Efektivitas fitur promosi dan iklan hanya sebagian dari banyak alasan pemilihan platform berjualan. Riset KIC menunjukkan Shopee dominan dipilih sebagai kanal penjualan prioritas (57,8%). Para penjual beranggapan Shopee, selain terkait efektivitas fitur iklannya, punya kecocokan dengan target pasar (63,2%) dan kemudahan berinteraksi dengan pembeli (52%).
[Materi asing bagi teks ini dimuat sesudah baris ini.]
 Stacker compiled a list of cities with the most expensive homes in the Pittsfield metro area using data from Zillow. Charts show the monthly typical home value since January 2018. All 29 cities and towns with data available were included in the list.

"TikTok Shop menarik karena konten yang interaktif dan karakter pengguna yang cenderung mudah tertarik dengan promo konten yang menghibur, sementara Shopee dianggap lebih transparan dan responsif dalam hal
customer service," ujar salah satu responden, Toko Hanana Shop.
Pemahaman Komponen Biaya
Menurut riset KIC, secara umum,
seller memiliki tingkat pemahaman yang tinggi terhadap mekanisme perhitungan biaya tambahan
platform atau komisi di
platform e-commerce. Rata-rata tingkat pemahaman seller tercatat di skor 8,38 dari skala 1–10, dengan 92,7% responden berada pada kategori “paham” (skor 6–10) dan hanya 7,3% yang mengaku masih kurang memahami sistem potongan biaya.
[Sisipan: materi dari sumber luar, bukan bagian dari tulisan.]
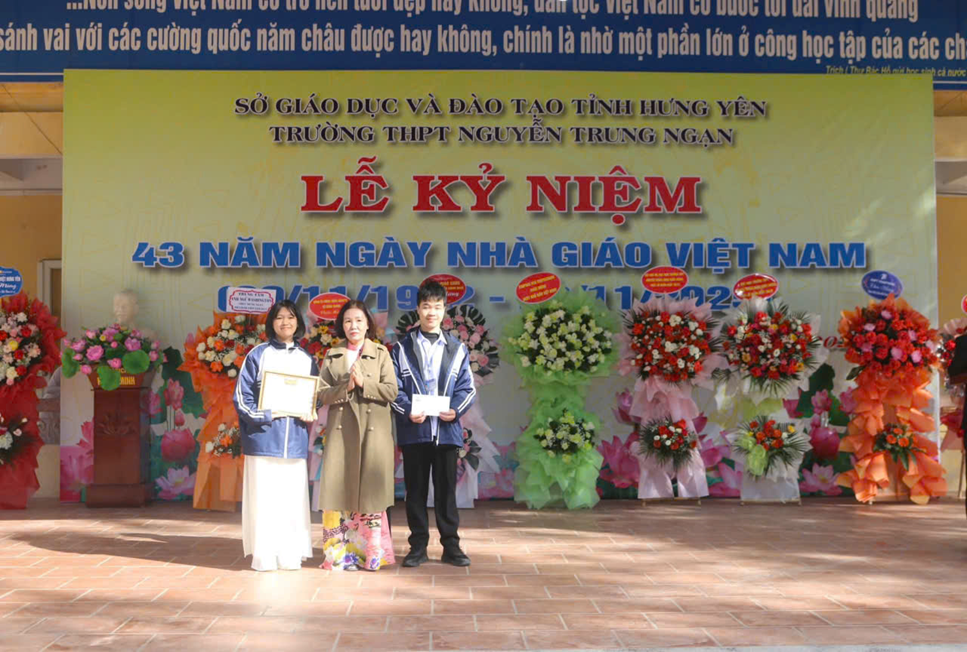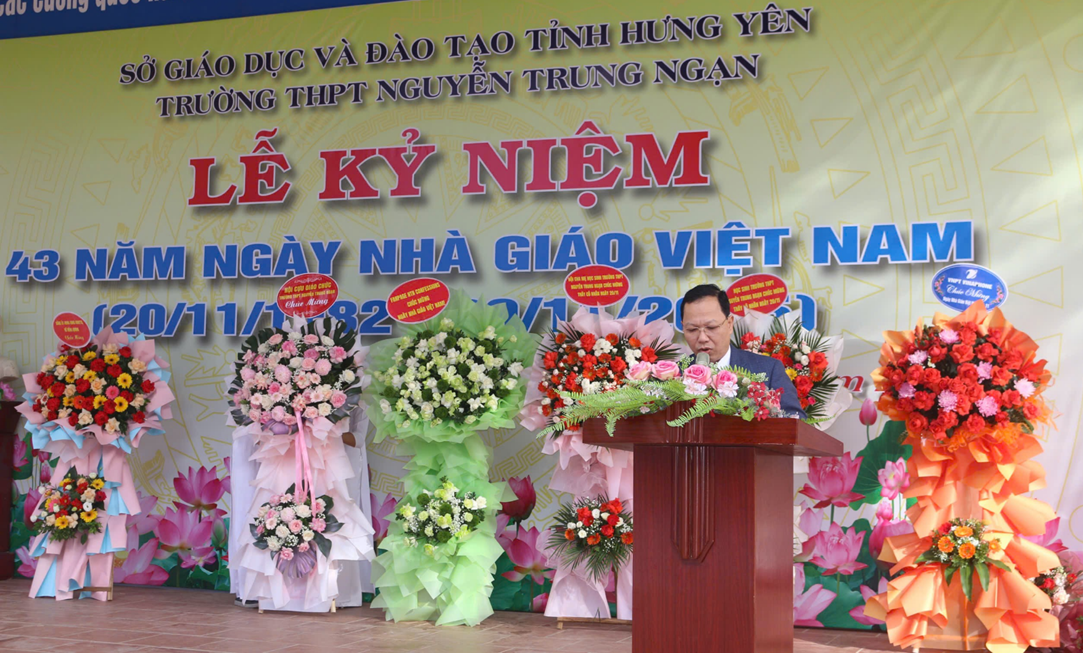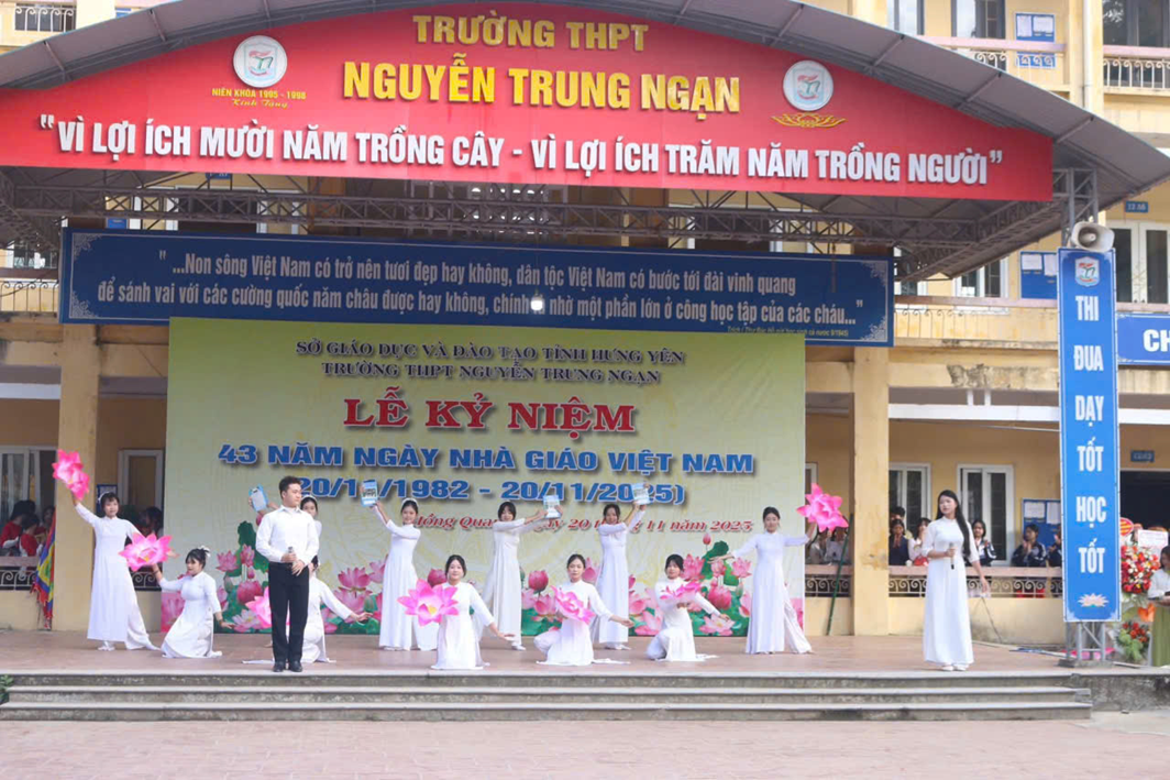 Trong không khí trang trọng và ấm áp, các đại biểu đã cùng thầy, trò nhà trường ôn lại truyền thống Ngày nhà giáo Việt Nam và những cống hiến, đóng góp của các thế hệ giáo chức cho sự phát triển mạnh mẽ của nhà trường. Với khát vọng góp nhụy cho cuộc đời, những nhà giáo chân chính với bề dày kinh nghiệm đã miệt mài đưa từng chuyến đò tri thức cập bến thành công. Các thầy cô đã lặng thầm dành cho nhà trường tất cả thời gian và tuổi trẻ lập nên nhiều kỳ tích vẻ vang cho sự nghiệp giáo dục và đào tạo nên nguồn nhân lực có chất lượng cho xã hội. Những thành tích ấy sẽ tiếp tục là động lực để tập thể hội đồng sư phạm nhà trường vượt lên khó khăn thách thức, hoàn thành tốt nhiệm vụ và mục tiêu đổi mới, củng cố, nâng cao chất lượng giáo dục, để trường THPT Nguyễn Trung Ngạn luôn là ngôi trường lý tưởng như sự kỳ vọng của lãnh đạo tỉnh, của ngành giáo dục, của phụ huynh và bao thế hệ học trò.
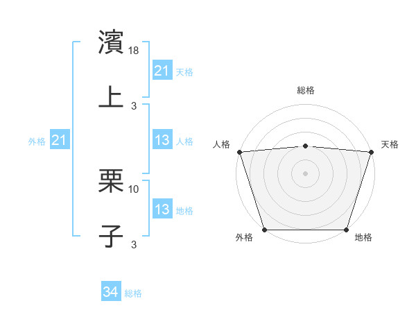 濱上 栗子さんの総格は34画の2点!
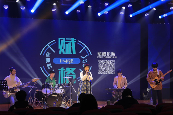 我校“赋格”乐队带来歌曲《小情歌》,拉开了总决赛的序幕。
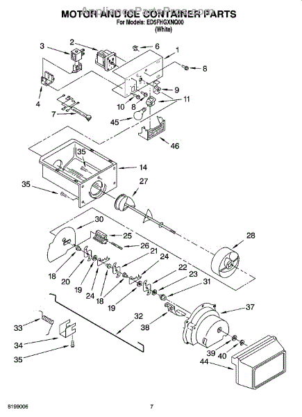 Parts for Whirlpool ED5FHGXNQ00: 05 - Motor And Ice Container Parts
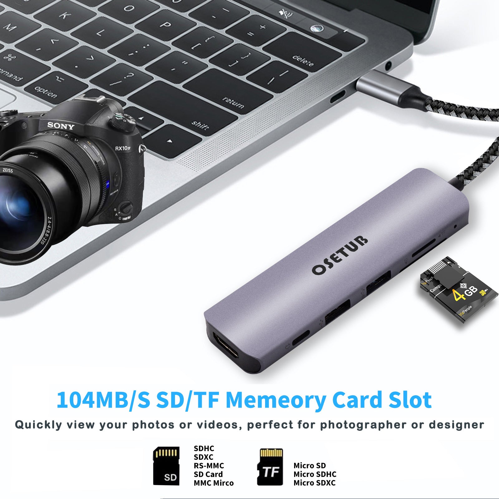 - 【100W Power Delivery & SD/TF Card Reader】100W power delivery charging port allows you to charge your computer, ideal for MacBook Pro/Air or and other USB C devices, your primary choice of USB C Hub. SD/TF Card Reader can be used at a fast transfer speed up to 104M/s, easy to transfer photos shooting or videos by your camera from cards to laptop in just seconds.
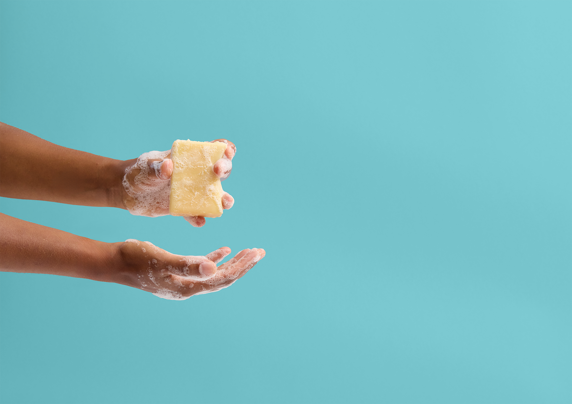 - Befeuchte die Seife und reibe sie sanft zwischen den Händen, bis ein cremiger Schaum entsteht.
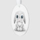 Características deste design adoráveis um coelho branco pequeno do bebê com as grandes orelhas flexíveis. O coelho está sentando-se para baixo com suas patas ao lado de se e está olhando-se para a frente com sua cabeça inclinada leve a um lado. O corpo principal e pequeno feito sob medida excedente junto com os detalhes na pele cria uma combinação bonita de uns desenhos animados e de um olhar realístico. Este design original é perfeito para todos os amantes do coelho e do animal de estimação de coelho.
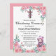 Explore a minha 'Criança Floral Rosa Cinzenta Cristening/Baptism Invitation', que mostra um belo design floral de aquarelas com uma menina num suéter cor-de-rosa, adornada com uma cruz no topo para simbolizar o batizado. Este modelo é perfeitamente personalizável para torná-lo exclusivamente seu.

Temuan ini menandakan mayoritas
seller sudah memiliki kesadaran dan pengetahuan yang cukup baik mengenai struktur biaya yang berlaku di
platform tempat mereka berjualan.
Mayoritas
seller yang disurvei juga mengakui
platform e-commerce menjadi tempat paling efektif untuk berjualan. Setelah aktif berjualan di
e-commerce,
seller mengalami lonjakan signifikan pada berbagai aspek bisnis. Sebanyak 97,2% penjual melaporkan peningkatan jumlah pembeli, sementara 93,3% mencatat kenaikan jumlah produk terjual, dan 91,7% mengaku omzet meningkat.
Meskipun sebagian besar
seller telah memahami dan menilai biaya
platform sebagai bagian dari strategi bisnis, masih terdapat sebagian yang menghadapi tantangan dalam pengelolaannya. Hasil survei menunjukkan keseluruhan, 31,7%
seller mengaku masih mengalami kesulitan dalam mengatur biaya platform dan kepesertaan program
Campaign atau promo dalam perhitungan strategi bisnis mereka.
Sementara itu, mayoritas
seller (68,3%) menyatakan tidak mengalami kesulitan berarti, menandakan sebagian besar sudah memiliki pemahaman dan sistem pengelolaan biaya yang baik.